Additionally, checking the block-level time sequence confirms: no one maliciously manipulated the SushiSwap trading pool to set a trap for users; the AAVE/WETH trading pair was first touched by this abnormal transaction (transaction index 1); the immediately following transaction (transaction index 2) completed the first back-run against the price distortion caused by this transaction; transaction index 3 also touched this trading pair during the market correction process. The timeline clearly verifies: this abnormal transaction created an extreme price distortion, and subsequent transactions directly harvested this distorted profit.

So, whose fault is it?

If you ask whether the Aave V3 core protocol collapsed, the answer is no. The Aave liquidity pool executed operations completely according to instructions, successfully completing the USDT redemption and AAVE deposit process.

If you ask whether the CoW's GPv2Settlement contract collapsed, the answer is no. The settlement enforced a valid signed order and paid an amount above the minimum limit agreed upon in the signature.
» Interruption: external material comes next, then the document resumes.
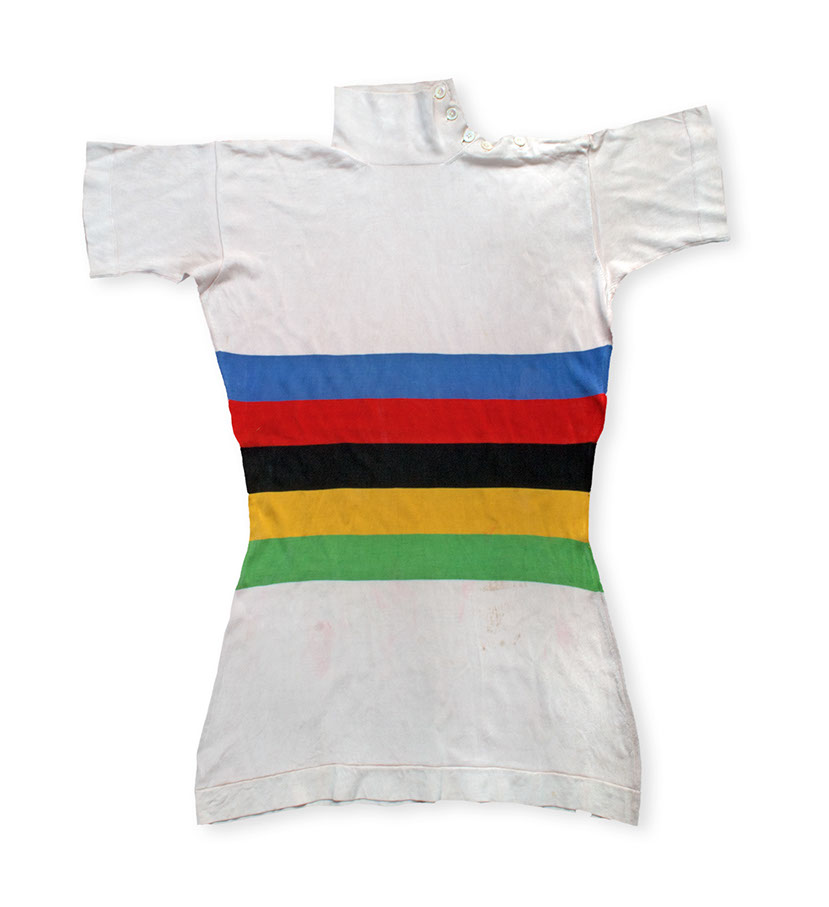 Nur der Weltmeister darf das Trikot mit den typischen Regenbogenfarben tragen, hier das Original-Dress von Toni Merkens.

If you ask whether the trading pair contracts of Uniswap V3 or SushiSwap collapsed, the answer is also no. Both types of trading pools completed transaction pricing according to their own algorithm rules.

The real systemic failure occurred at the higher-level routing and risk control layers:

The primary responsible party is the routing, quoting, and solver modules of the CoW protocol: the entire system's criteria for determining "reasonable routing" are too weak, allowing multi-million dollar orders to ultimately flow to micro low liquidity pools, as long as the routing is executable and non-zero, it is accepted, completely ignoring the extreme unreasonableness on the economic level.
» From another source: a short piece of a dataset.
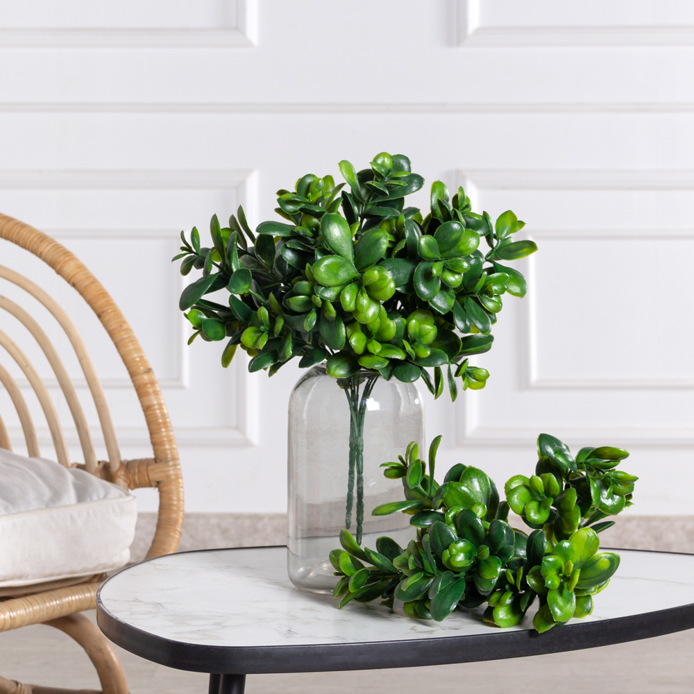 7143/0381-11/9Т(F) Крассула искусственная (толстянка) куст 5 частей h33см, темно-зеленый

The secondary responsible party is the Aave frontend interface: it did not attach the application data associated with the hook when requesting adapter quotes, directly passing erroneous results into the signing process, and relied solely on warning prompts without a hard rejection mechanism. For such extreme large transactions, these risk control measures are completely insufficient to prevent risks.

This is an extreme failure of transaction routing quality and risk control barriers, directly transforming a legitimate and compliant collateral swap operation into a catastrophic asset loss event.